La réouverture de l’aéroport de Goma est devenue une priorité pour le gouvernement congolais, motivée par des considérations humanitaires. Ce terminal aérien doit rouvrir afin de faciliter l’acheminement de l’aide aux victimes de la guerre.
C’est ce qu’a déclaré la ministre des Affaires étrangères, Thérèse Kayikwamba, lors d’une interview accordée au média allemand Deutsche Welle (DW), en marge de la 61e Conférence de Munich sur la sécurité.
« La question de l’aéroport de Goma est très stratégique et très importante.
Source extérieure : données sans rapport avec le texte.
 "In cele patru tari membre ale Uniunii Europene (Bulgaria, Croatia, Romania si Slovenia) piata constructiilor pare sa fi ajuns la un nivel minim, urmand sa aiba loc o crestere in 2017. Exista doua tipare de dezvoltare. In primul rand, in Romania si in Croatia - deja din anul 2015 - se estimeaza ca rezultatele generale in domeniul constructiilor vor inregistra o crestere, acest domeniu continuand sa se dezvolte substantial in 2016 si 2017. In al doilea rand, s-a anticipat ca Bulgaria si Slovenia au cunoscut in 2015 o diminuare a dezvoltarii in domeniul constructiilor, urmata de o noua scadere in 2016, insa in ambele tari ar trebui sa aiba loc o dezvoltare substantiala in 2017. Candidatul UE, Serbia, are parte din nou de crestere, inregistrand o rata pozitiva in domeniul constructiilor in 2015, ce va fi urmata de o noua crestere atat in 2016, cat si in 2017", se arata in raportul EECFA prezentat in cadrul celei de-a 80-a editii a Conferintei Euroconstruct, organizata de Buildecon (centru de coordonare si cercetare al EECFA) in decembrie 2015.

Elle n’est pas seulement importante sur le plan logistique ; elle est cruciale, car cet aéroport constitue une bouée de sauvetage pour l’accès humanitaire et une voie d’approvisionnement essentielle pour l’acheminement de l’aide sur le terrain », a-t-elle souligné.
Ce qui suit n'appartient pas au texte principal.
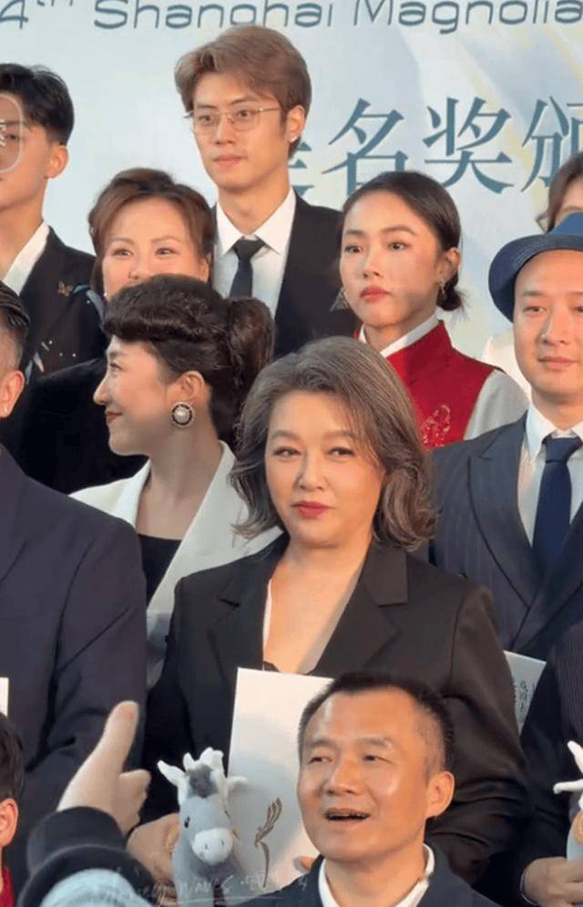 58歲江珊露面 150斤身材穿西裝腚大腰圓 但顯年輕

Elle a également ajouté : « C’est pourquoi le gouvernement congolais attache une grande importance à la réouverture de l’aéroport. Lors de la conférence humanitaire de Paris, le gouvernement congolais a été clair : il s’agit de désamorcer les tensions et de dépolitiser l’accès humanitaire. »
Par ailleurs, la ministre a exprimé le souhait que la sécurité de cet aéroport soit confiée à la MONUSCO, « seule entité qui dispose d’un niveau suffisant de neutralité dans un contexte de forte méfiance entre les parties ».
« Nous attendons de la MONUSCO qu’elle joue un rôle clé dans la sécurisation de l’aéroport et qu’elle veille à ce que l’accès soit établi avant tout à des fins humanitaires, afin que l’accès humanitaire puisse être rétabli à Goma et dans le reste de la province du Nord-Kivu », a poursuivi Thérèse Kayikwamba.
Pour rappel, l’aéroport de Goma est inopérationnel depuis que les rebelles du M23 ont pris le contrôle de la ville en janvier 2025. Au cours des affrontements, la plupart des équipements aéroportuaires ont été détruits. Plusieurs personnalités, dont le président français Emmanuel Macron, exercent actuellement des pressions sur les rebelles afin qu’ils permettent la réouverture de l’aéroport.